---------- PROVIDED DATA ----------

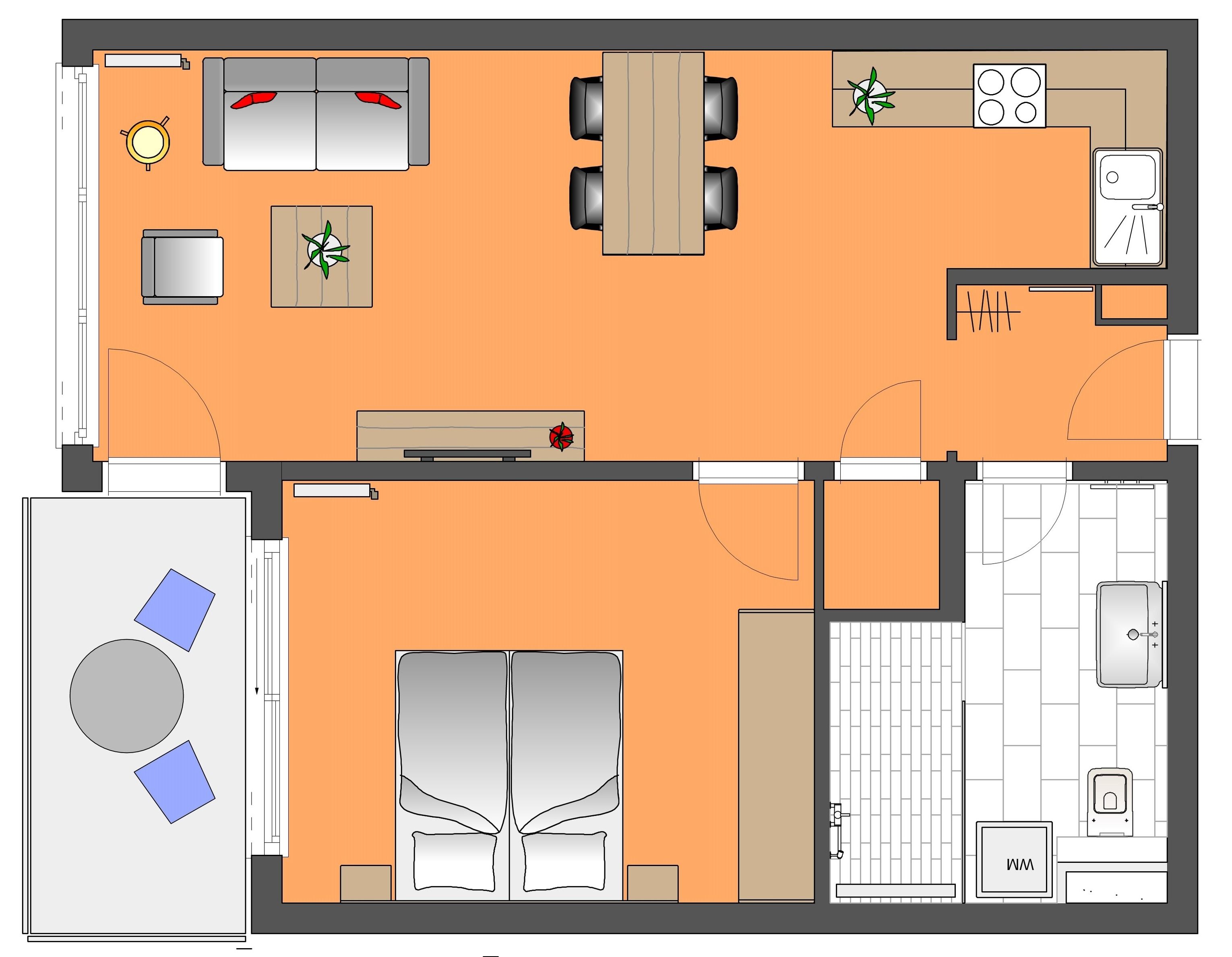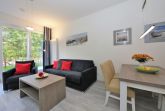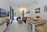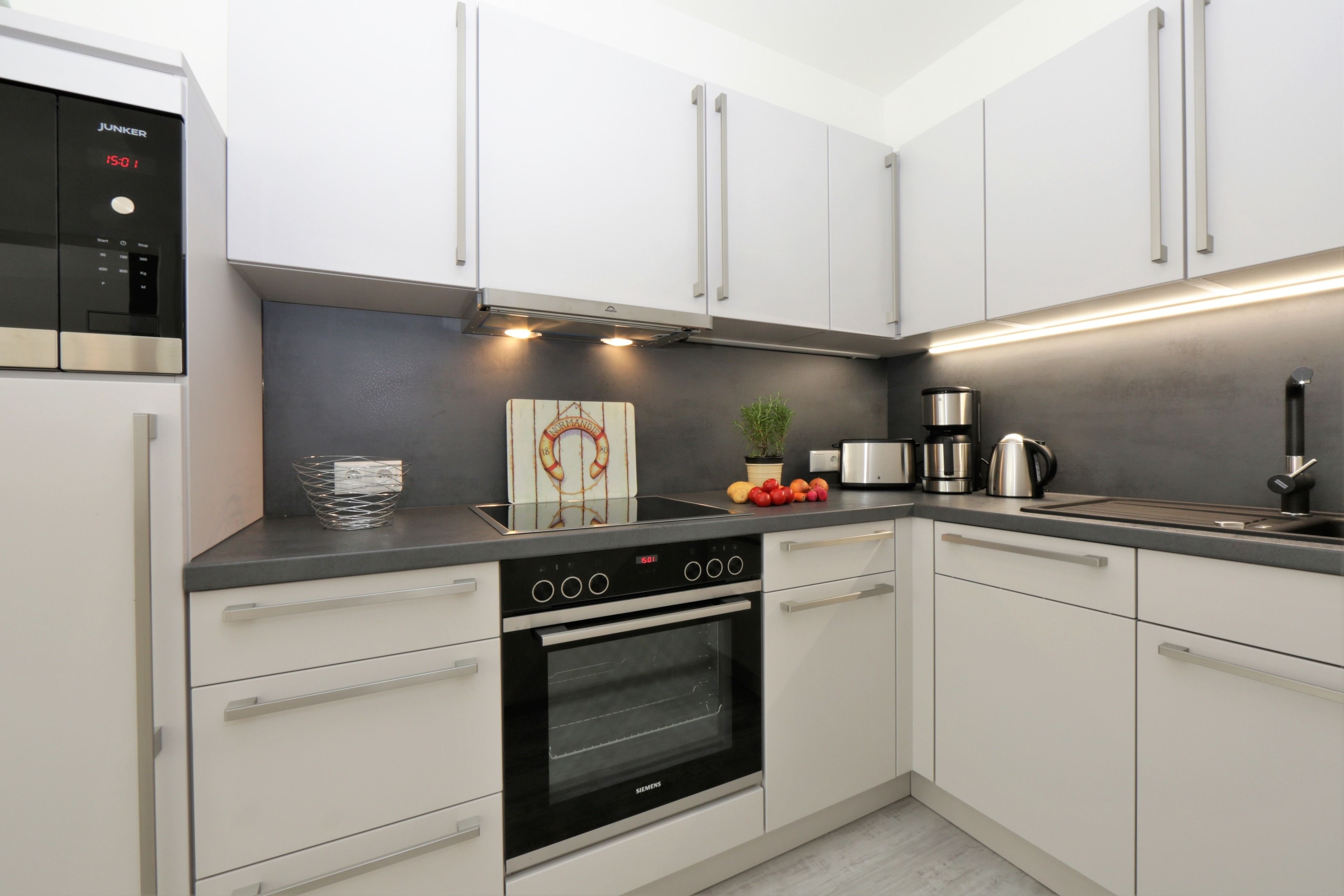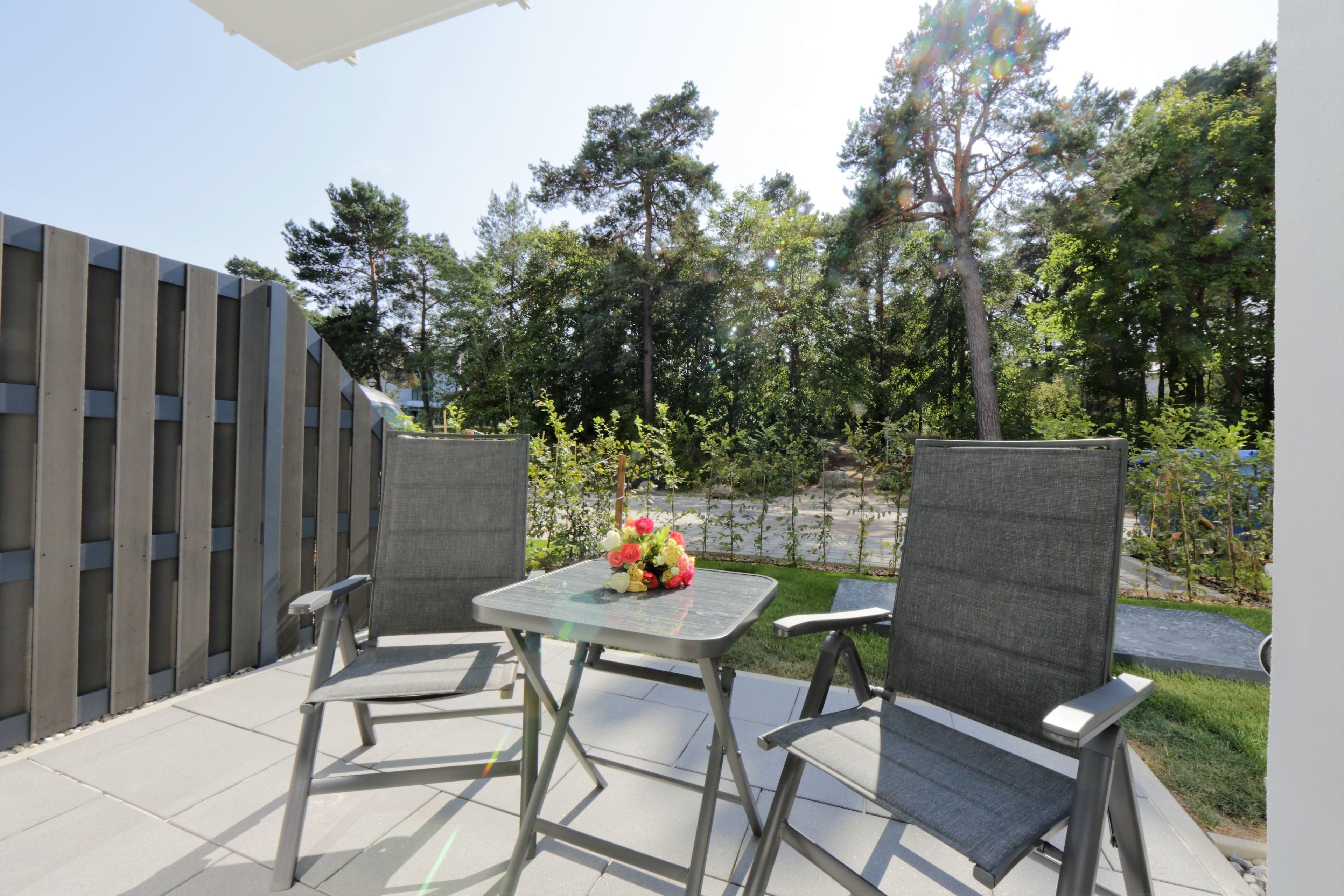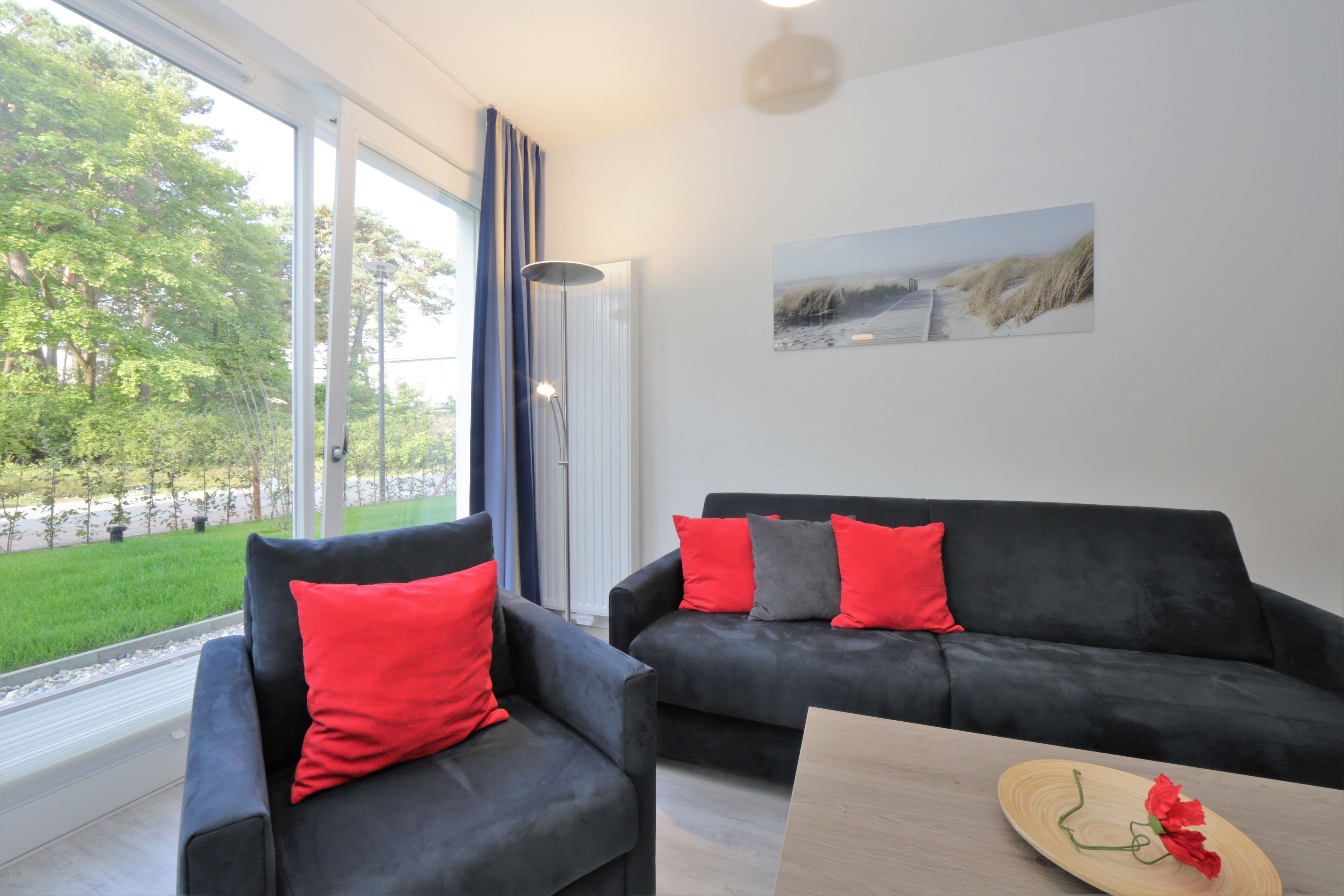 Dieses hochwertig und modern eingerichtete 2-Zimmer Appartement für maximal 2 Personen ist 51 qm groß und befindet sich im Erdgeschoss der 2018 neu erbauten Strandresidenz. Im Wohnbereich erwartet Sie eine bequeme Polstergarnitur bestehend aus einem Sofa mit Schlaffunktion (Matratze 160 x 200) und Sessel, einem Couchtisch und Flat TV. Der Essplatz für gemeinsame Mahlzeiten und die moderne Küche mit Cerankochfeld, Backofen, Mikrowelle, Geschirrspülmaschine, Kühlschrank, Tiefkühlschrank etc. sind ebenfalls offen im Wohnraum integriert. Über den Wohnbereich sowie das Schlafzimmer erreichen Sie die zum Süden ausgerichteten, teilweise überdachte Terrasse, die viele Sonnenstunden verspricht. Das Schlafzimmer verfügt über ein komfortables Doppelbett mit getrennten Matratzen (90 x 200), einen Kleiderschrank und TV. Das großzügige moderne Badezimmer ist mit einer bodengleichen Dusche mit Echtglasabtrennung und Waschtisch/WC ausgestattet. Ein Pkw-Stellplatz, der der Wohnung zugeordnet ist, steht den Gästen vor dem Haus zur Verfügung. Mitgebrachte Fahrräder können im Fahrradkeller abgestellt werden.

----------
---------- PROVIDED DATA ----------

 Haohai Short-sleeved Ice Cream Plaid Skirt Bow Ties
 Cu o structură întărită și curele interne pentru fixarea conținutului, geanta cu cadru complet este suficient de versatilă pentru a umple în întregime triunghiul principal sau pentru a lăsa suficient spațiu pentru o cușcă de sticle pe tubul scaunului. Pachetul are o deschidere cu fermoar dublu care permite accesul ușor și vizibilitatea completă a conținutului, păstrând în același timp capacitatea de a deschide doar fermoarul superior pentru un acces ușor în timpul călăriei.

----------
---------- PROVIDED DATA ----------

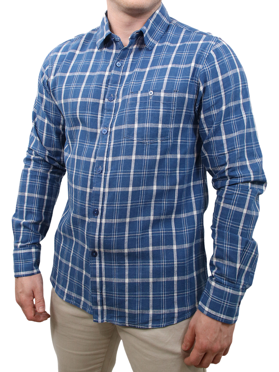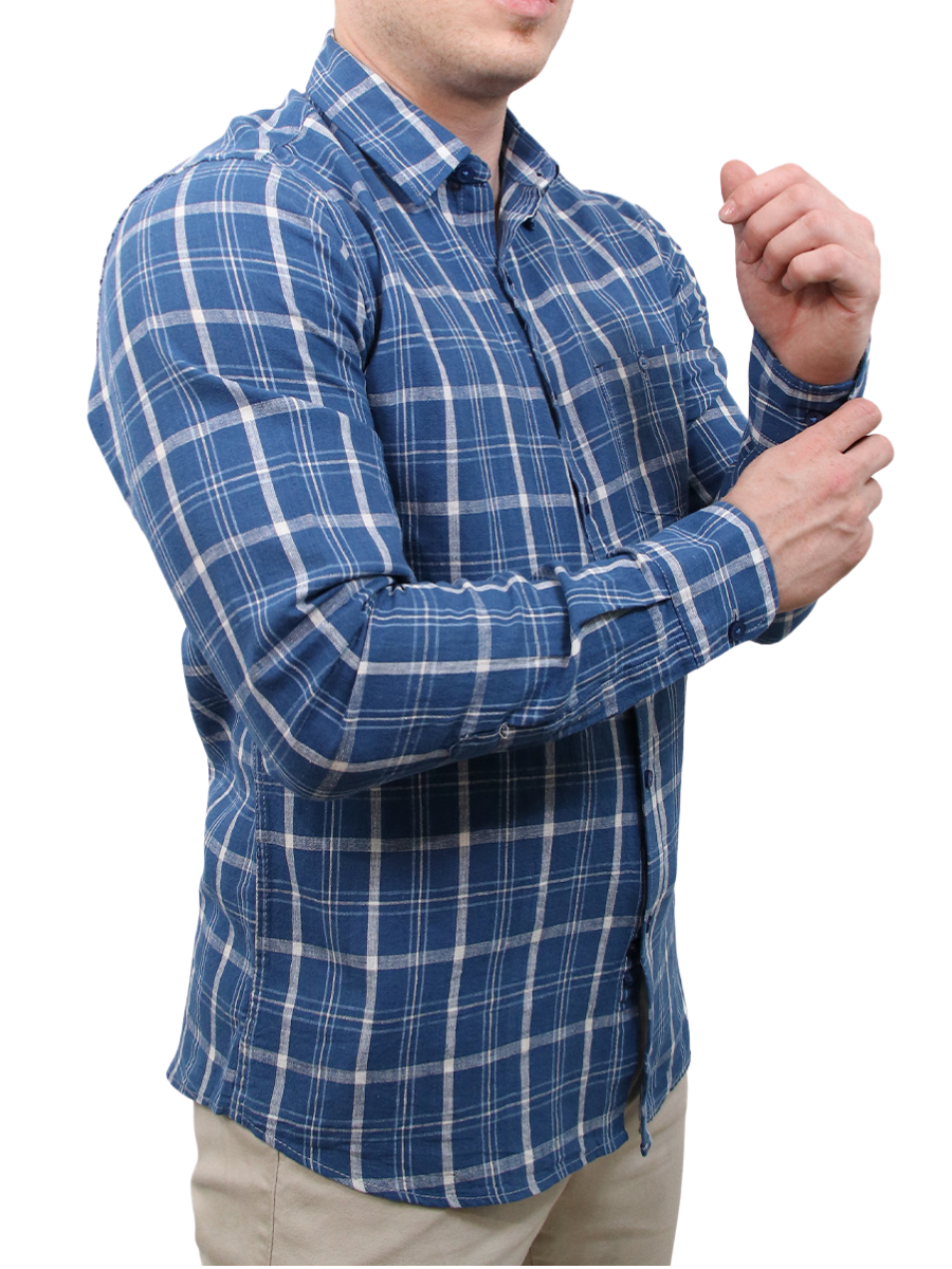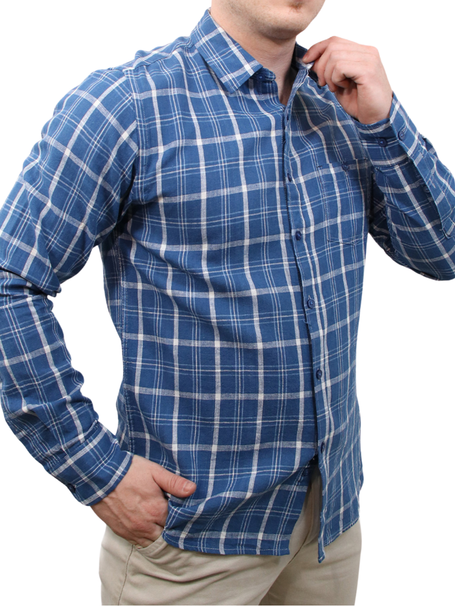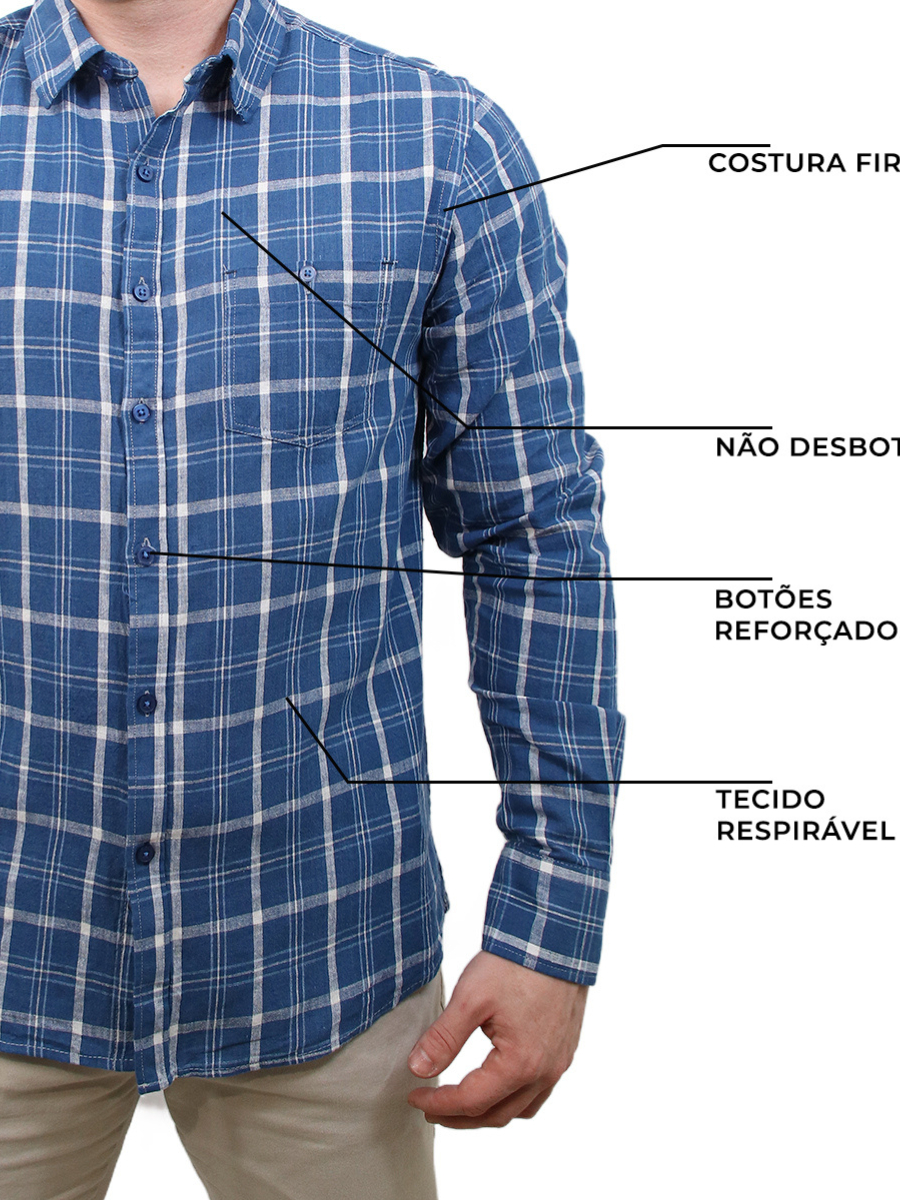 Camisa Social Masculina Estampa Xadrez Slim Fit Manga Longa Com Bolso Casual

----------

WHAT IS EXPECTED:
From the records above, copy out the line with "Haohai Short-sleeved Ice", the line with "Cu o structură", and every line between them, word for word.

THE COMPLETED TASK:
 Haohai Short-sleeved Ice Cream Plaid Skirt Bow Ties
 Cu o structură întărită și curele interne pentru fixarea conținutului, geanta cu cadru complet este suficient de versatilă pentru a umple în întregime triunghiul principal sau pentru a lăsa suficient spațiu pentru o cușcă de sticle pe tubul scaunului. Pachetul are o deschidere cu fermoar dublu care permite accesul ușor și vizibilitatea completă a conținutului, păstrând în același timp capacitatea de a deschide doar fermoarul superior pentru un acces ușor în timpul călăriei.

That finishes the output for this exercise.